There are two important things that need to be elaborated here, first is about how to develope accurate AI model prediction. A flow chart describing the way to develope AI model prediction (in this case I use Probabilistic Neural Network) is presented on the above picture. There 3 stages in general, where stage 1 consist of 2 substages.

  • Substage 1: Filtering. To make sure that the landslide accident solely triggered by rainfall, I also collect earthquakes data. If landslide accidents accompanied by earthquakes (its magnitudo range between 5.3 - 7.0 and its radii from landslide point is 40-70 km (Khazai and Sitar, 2003)) then landslide data on that day will be eliminated -> use as response data
  • Substage 2: Quality Control. Due to lack of rainfall observing data over complex mountainous region such as Banjarnegara, satellite data offers best alternative. However, before directly use the data, I try to compare its estimated rainfall value with the nearest rainfall observing station in Banjarnegara. When the data is representative, then I differentiate this value into 3 parameters consist of rainfall intensity, accumulation, and duration . These parameter then divide again based on its temporal scale (as mentioned before D, D-1, D-2, and D-3) -> use as features on AI model prediction
  • Stage 2. Pair of feature and response data in 2014-2017 used as training data, while data in 2018 used as test data. This model divide into 2 model based on the number of season in Indonesia: one model use to predict landslide during rainy season and one model use to predict landslide during dry season.
  • Stage 3. We get probability value of landslide occurences from stage 2 process. If the probability value >50% landslide is probably happen -> landslide warning issued, if <50% then landslide predicted will not occure. Besides that, we also analysis the accuracy value by compare our prediction result with landslide historical data in 2018 that we already had before (because PNN is supervised artificial neural network) and also count it False Alarm Ratio (FAR)
  • In addition to this, landslide probability value then overlay over topographic maps and it categorized into 4 labels to make it easy to understand (0-20%: NO LANDSLIDE; 21-40%: ALERT; 41-60%: CAUTION; 61-100%: LANSLIDE probabily occur) and this information will updated as often as possible (minimum daily update).

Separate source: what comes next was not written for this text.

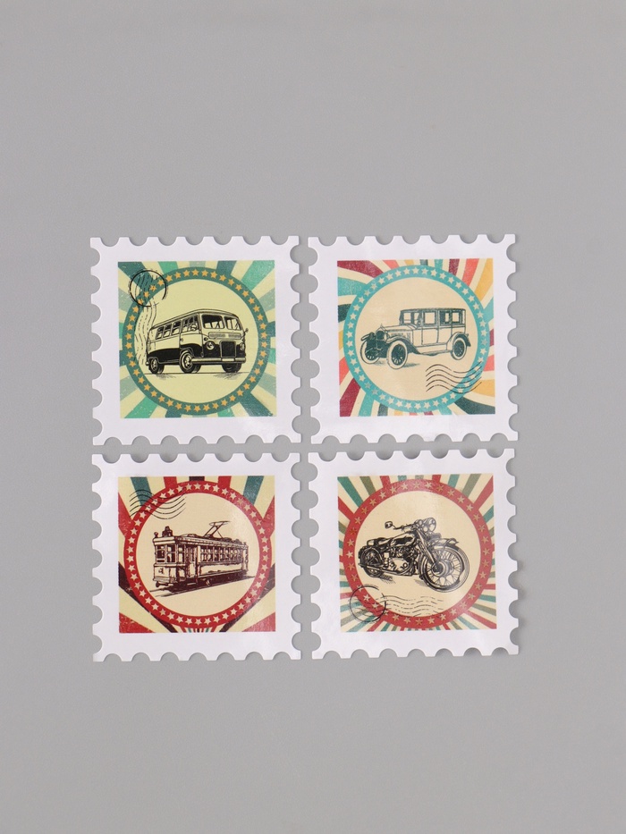Наклейка бумага «Марки. Ретро транспорт», 3×3 см, 200 шт. в рулоне — Характеристики

Second issue that we need to address is how to give this information to the society, how to connect all elements (society, related agencies, government, and other stakeholders), and also how to involve society as part of citizen science. The answer is to develope mobile apps (LandSwipe). The application, design, and the way it works already explained in the previous section.


LandSwipe project considered to possess an impact if it fullfill several key metrics mentioned below:

  1. Ermini et al. (2005) and Saro et al. (2016) use accuracy value to evaluate their work on predicting landslide using Artificial Neural Network. Besides using accuracy value to measure how accurate this project will be, I also plan to evaluate it using False Alarm Ratio (FAR). Some researchers said that it is important to use FAR as one of statistic parameter to evaluate prediction result. The formula to calculate accuracy and FAR shown on the above picture. 
  2. Predicted landslides are categorized as "Hit" if the predicted landslides occur followed by the real landslides occurence during observations within 24 hours from 00.00 UTC of the relevant day (D) to the next day (D + 1) at 00.00 UTC. If the observation said no landslide occur but the prediction said yes then it categorized into "false alarm". If the observation said landslide occur but the prediction said no landslide occur then it categorized into "Miss". While, if the observation said no landslide occur and the prediction said the same then it categorized into "correct negatives".
  3. If the accuracy value (degree to which pairs of forecast values and observed values correspond) is in the interval between 0 - 0.199 (very weak); 0.2 - 0.399 (weak); 0.4-0.599 (intermediate); 0.6-0.799 (strong); 0.8-1.00 (very strong) (Wilks, 2006). The higher the value of FAR, the higher the possibility of issuing wrong landslide prediction information. This comprehensive evaluation treatment will give best effort to produce accurate AI model on predicting landslide. The more accurate the model, the more the model can help reducing number of casualties, decrease economic losses, and so on.
  4. Type of ANN (AI model) that will be used in this model is Probabilistic Neural Network (PNN). The second picture (table) shows that there are 10 configurations that will be tested using the PNN model. The results of landslide prediction using PNN with 10 different scenarios then compared to determine which model that perform better in predicting landslide in Banjarnegara.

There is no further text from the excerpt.